*** SUPPLIED DATA ***

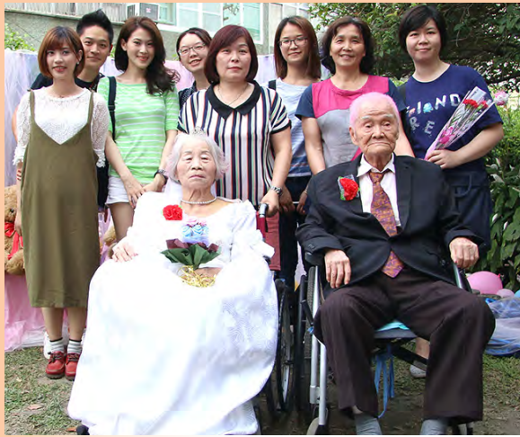
▲孝愛仁愛之家的資深住民爺爺奶奶與兒孫的和樂全家福
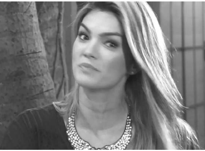
Kelly Key no programa "Na Lata"
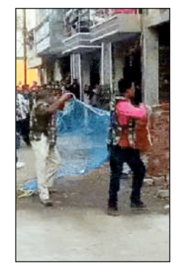
प्रदेश स्वराज • इंदौर

इंदौर के खुईल इलाके में गुरुवार दोपहर एक तेंदुआ निर्माणधीन मकान में बंदा दिखाई दिया। भगाने की कोशिश की गई तो वह लोगों की तरफ झपटो। इससे इलाके में भगदड़ मच गई। घटना का वीडियो सामने आया है। मामला देवगुराडिया गांव के मानसरोवर नगर का है। तेंदुआ को सबसे पहले मकान में कैद कर रहे मजदूरों ने देखा। घटना की सूचना कैदाल रूम को दी गई, जिसके बाद पुलिस मीके पर पहुंची। पुलिस ने फॉरिस्ट विभाग को इसकी जानकारी दी।
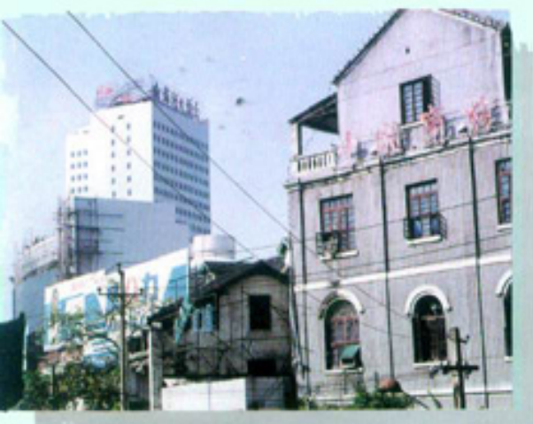
1949年前四川商检机关办公大楼
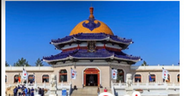
สุสานเจกิสข่าน
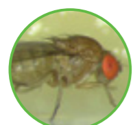
Drosophila suzuki , cicaline e lepidotteri
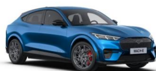
Velocity Blue metalická
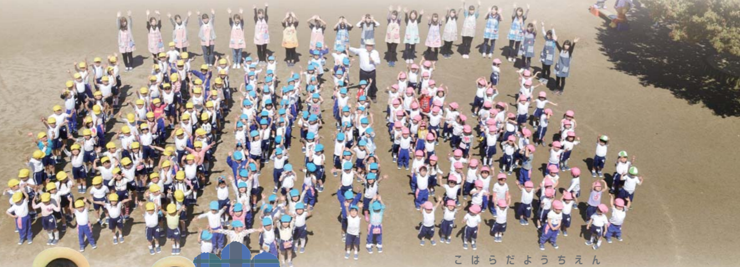
こはらだようちえん
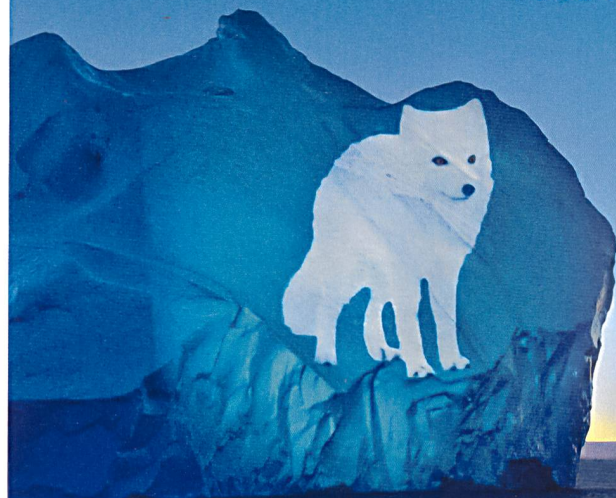
Light Art by Gerry Holstetter

Werden auch Sie Klimaschützer. Reduzieren Sie den Energieverbrauch über EgoKiefer Fenster um bis zu 75% – an 13 Vertriebsstandorten und über 350 Fachbetriebspartnern in der Schweiz: egokiefer.ch
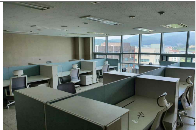
신규연구실 내부 조성
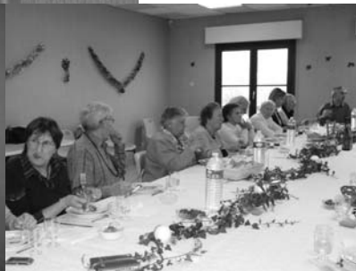
AMBIANCE DE FÊTE AU 2 e REPAS GRÂCE AU PERSONNEL DE LA BIBLIOTHÈQUE
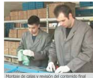
Montaje de cajas y revisión del contenido final

tel: +49 (0)30 - 23 60 77 8-0 fax: +49 (0)30 - 23 60 77 8-10 email: info@cwt-international.com web: www.cwt-international.com
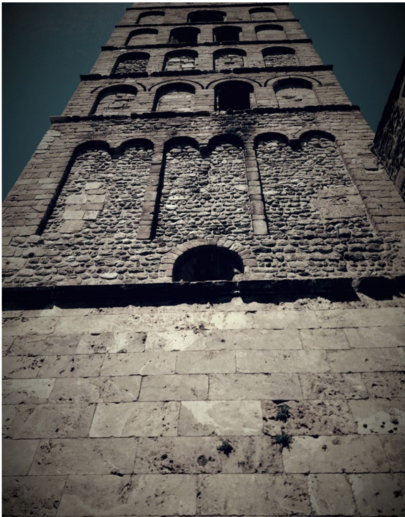
Detall d'una de les torres de l'antiga església expiscopal d'Elna. Recordar que el germà de Guifré el Pilós, Riculf, entre altres parents seus foren bisbes de la metropolitana d'Elna que protegia sota la seva diòcesi els monestirs de levites existents al Conflent, Rasès, Rosselló, Vallespir i Empúries
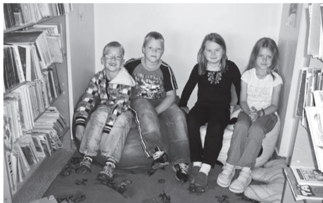
Kardo, Kert, Egle ja Cetlin raamatukogu lugemispeas.

E simese klassi lapsed on juba nädal aega koolis käinud kui saan nendega juttu puhuda.
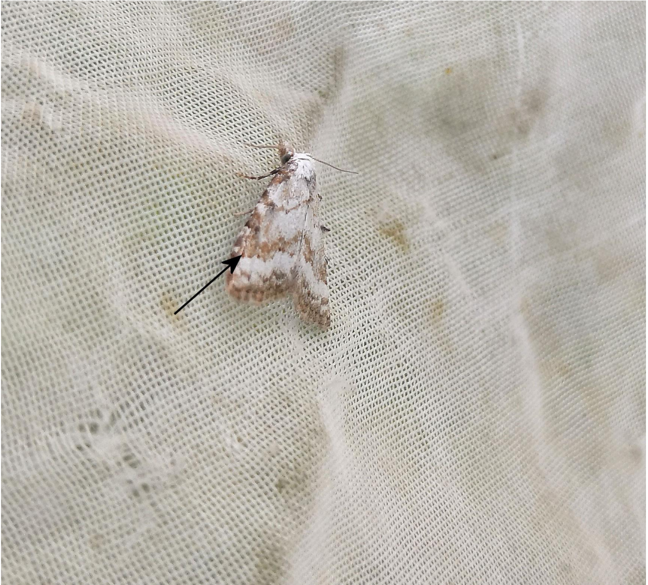
Kuva 5. Ramevenhokas, tuntomerkkinä oleva suora kulma poikkiviirussa on merkitty nuolella.

Lisäksi perhosen lentoaikana soilla on saman kokoisia hyvin yleisiä koisia, lähinnä kulma- ( Chrysoteuchia culmella ) ja metsäheinäkoisia ( Crambus lathoniellus ) sekä lennon loppupuolella kiilajuovakoisia ( Catoptria margaritella ). Näiden erottaminen lentävästä suoventhokkaasta vaatii vähintään pitkän katseen.
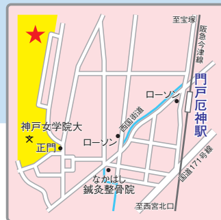
(交通アクセス) 阪急今津線「門戸厄神」駅より徒歩15分
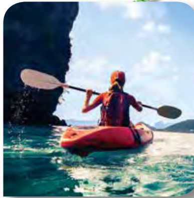
SPORT & FREIZEIT
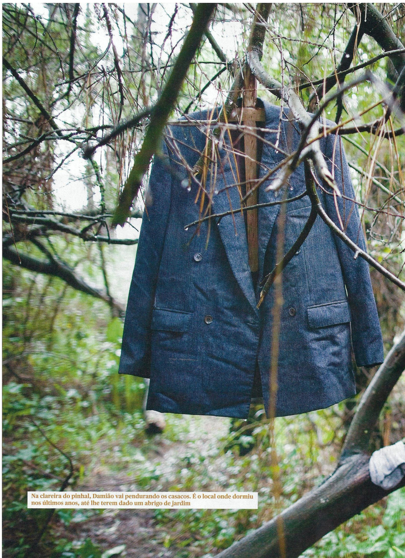
Na clareira do pinhal, Damião vai pendurando os casacos. É o local onde dormiu nos últimos anos, até lhe terem dado um abrigo de jardim
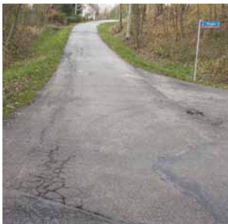
„Dubielówka” w Cierpiszu

CIERPISZ/HANDZLÓWKA 1,5 mln zł dofinansowania gmina otrzyma na przebudowę dróg „Doły” w Handzlówce oraz „Dubielówka” w Cierpiszu.
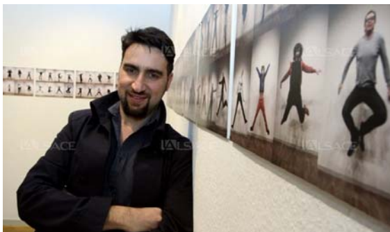
Bekir Aysan expose ses photos au Musée des beaux-arts jusqu'au 12 avril.

Hier 05:01 par Frédérique Meichler , actualisé à 18:43 Vu 18 fois
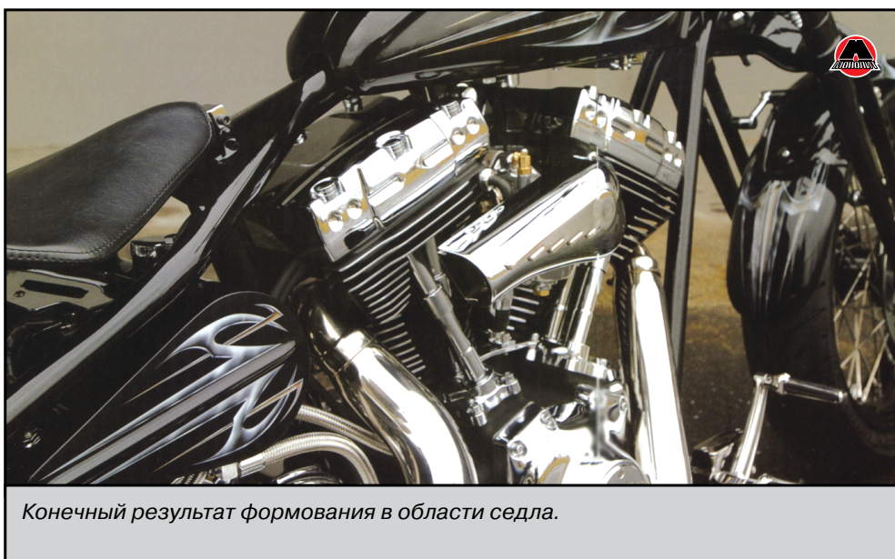
Конечный результат формования в области седла.

Обязательно узнайте, в течение какого периода времени можно использовать продукт до того, как он начнет затвердевать. Двухкомпонентные грунтовки обычно необходимо использо-
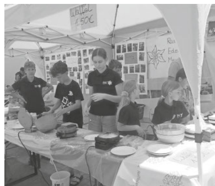
Radjugend am Waffelstand beim 65. Leo Wirth Gedächtnisrennen

Ausführlichere Infos über die Rennen erfahren Sie an dieser Stelle in der nächsten Woche.
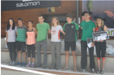
VI.Ereñotzuko Mendi La...
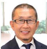
人材開発協同組合 代表理事
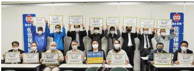
【3月15日：第4回佐世保地協幹事会終了後】
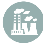
Plantas de Energía
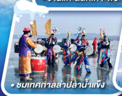
• ชมเทศกาลล่าปลาน้ำแข็ง
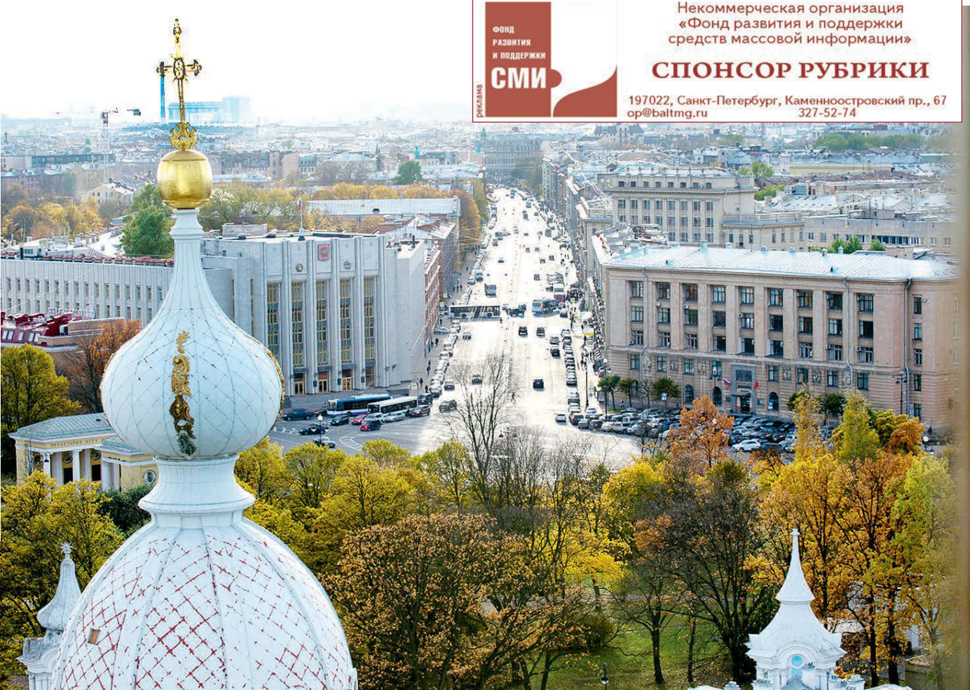
Вид на город с крыши собора.

стью, с губернатором Георгием Полтавченко, который знает об этой проблеме, понимает ее. Пока мы надеемся на этот проект. Хотя нам много раз говорили о помещении ДК «Большевичка» на улице Тюшина. Там здание, которое требует колоссальных ремонтных работ. За год мы сделали полностью обследование этого здания. Оно находится в ужасном состоянии. Требуется огромные средства, не заложенные в бюджет. Так что для нас предпочтительнее Невский проспект.
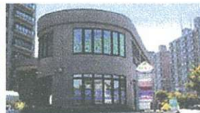
メディカルビルREX…徒歩5分
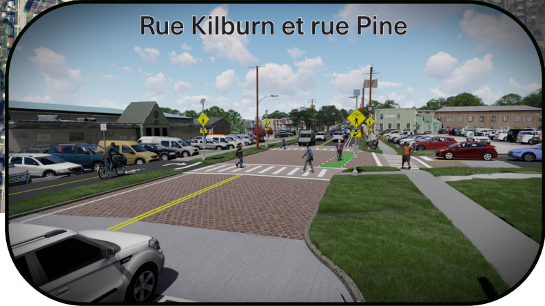
Rue Kilburn et rue Pine

*** End of SUPPLIED DATA ***

## WHAT TO WORK ON
What you give back should match the entries above exactly, except that pictures are dropped.

## TASK ANSWER
▲孝愛仁愛之家的資深住民爺爺奶奶與兒孫的和樂全家福
Kelly Key no programa "Na Lata"
प्रदेश स्वराज • इंदौर

इंदौर के खुईल इलाके में गुरुवार दोपहर एक तेंदुआ निर्माणधीन मकान में बंदा दिखाई दिया। भगाने की कोशिश की गई तो वह लोगों की तरफ झपटो। इससे इलाके में भगदड़ मच गई। घटना का वीडियो सामने आया है। मामला देवगुराडिया गांव के मानसरोवर नगर का है। तेंदुआ को सबसे पहले मकान में कैद कर रहे मजदूरों ने देखा। घटना की सूचना कैदाल रूम को दी गई, जिसके बाद पुलिस मीके पर पहुंची। पुलिस ने फॉरिस्ट विभाग को इसकी जानकारी दी।
1949年前四川商检机关办公大楼
สุสานเจกิสข่าน
Drosophila suzuki , cicaline e lepidotteri
Velocity Blue metalická
こはらだようちえん
Light Art by Gerry Holstetter

Werden auch Sie Klimaschützer. Reduzieren Sie den Energieverbrauch über EgoKiefer Fenster um bis zu 75% – an 13 Vertriebsstandorten und über 350 Fachbetriebspartnern in der Schweiz: egokiefer.ch
신규연구실 내부 조성
AMBIANCE DE FÊTE AU 2 e REPAS GRÂCE AU PERSONNEL DE LA BIBLIOTHÈQUE
Montaje de cajas y revisión del contenido final

tel: +49 (0)30 - 23 60 77 8-0 fax: +49 (0)30 - 23 60 77 8-10 email: info@cwt-international.com web: www.cwt-international.com
Detall d'una de les torres de l'antiga església expiscopal d'Elna. Recordar que el germà de Guifré el Pilós, Riculf, entre altres parents seus foren bisbes de la metropolitana d'Elna que protegia sota la seva diòcesi els monestirs de levites existents al Conflent, Rasès, Rosselló, Vallespir i Empúries
Kardo, Kert, Egle ja Cetlin raamatukogu lugemispeas.

E simese klassi lapsed on juba nädal aega koolis käinud kui saan nendega juttu puhuda.
Kuva 5. Ramevenhokas, tuntomerkkinä oleva suora kulma poikkiviirussa on merkitty nuolella.

Lisäksi perhosen lentoaikana soilla on saman kokoisia hyvin yleisiä koisia, lähinnä kulma- ( Chrysoteuchia culmella ) ja metsäheinäkoisia ( Crambus lathoniellus ) sekä lennon loppupuolella kiilajuovakoisia ( Catoptria margaritella ). Näiden erottaminen lentävästä suoventhokkaasta vaatii vähintään pitkän katseen.
(交通アクセス) 阪急今津線「門戸厄神」駅より徒歩15分
SPORT & FREIZEIT
Na clareira do pinhal, Damião vai pendurando os casacos. É o local onde dormiu nos últimos anos, até lhe terem dado um abrigo de jardim
„Dubielówka” w Cierpiszu

CIERPISZ/HANDZLÓWKA 1,5 mln zł dofinansowania gmina otrzyma na przebudowę dróg „Doły” w Handzlówce oraz „Dubielówka” w Cierpiszu.
Bekir Aysan expose ses photos au Musée des beaux-arts jusqu'au 12 avril.

Hier 05:01 par Frédérique Meichler , actualisé à 18:43 Vu 18 fois
Конечный результат формования в области седла.

Обязательно узнайте, в течение какого периода времени можно использовать продукт до того, как он начнет затвердевать. Двухкомпонентные грунтовки обычно необходимо использо-
Radjugend am Waffelstand beim 65. Leo Wirth Gedächtnisrennen

Ausführlichere Infos über die Rennen erfahren Sie an dieser Stelle in der nächsten Woche.
VI.Ereñotzuko Mendi La...
人材開発協同組合 代表理事
【3月15日：第4回佐世保地協幹事会終了後】
Plantas de Energía
• ชมเทศกาลล่าปลาน้ำแข็ง
Вид на город с крыши собора.

стью, с губернатором Георгием Полтавченко, который знает об этой проблеме, понимает ее. Пока мы надеемся на этот проект. Хотя нам много раз говорили о помещении ДК «Большевичка» на улице Тюшина. Там здание, которое требует колоссальных ремонтных работ. За год мы сделали полностью обследование этого здания. Оно находится в ужасном состоянии. Требуется огромные средства, не заложенные в бюджет. Так что для нас предпочтительнее Невский проспект.
メディカルビルREX…徒歩5分
Rue Kilburn et rue Pine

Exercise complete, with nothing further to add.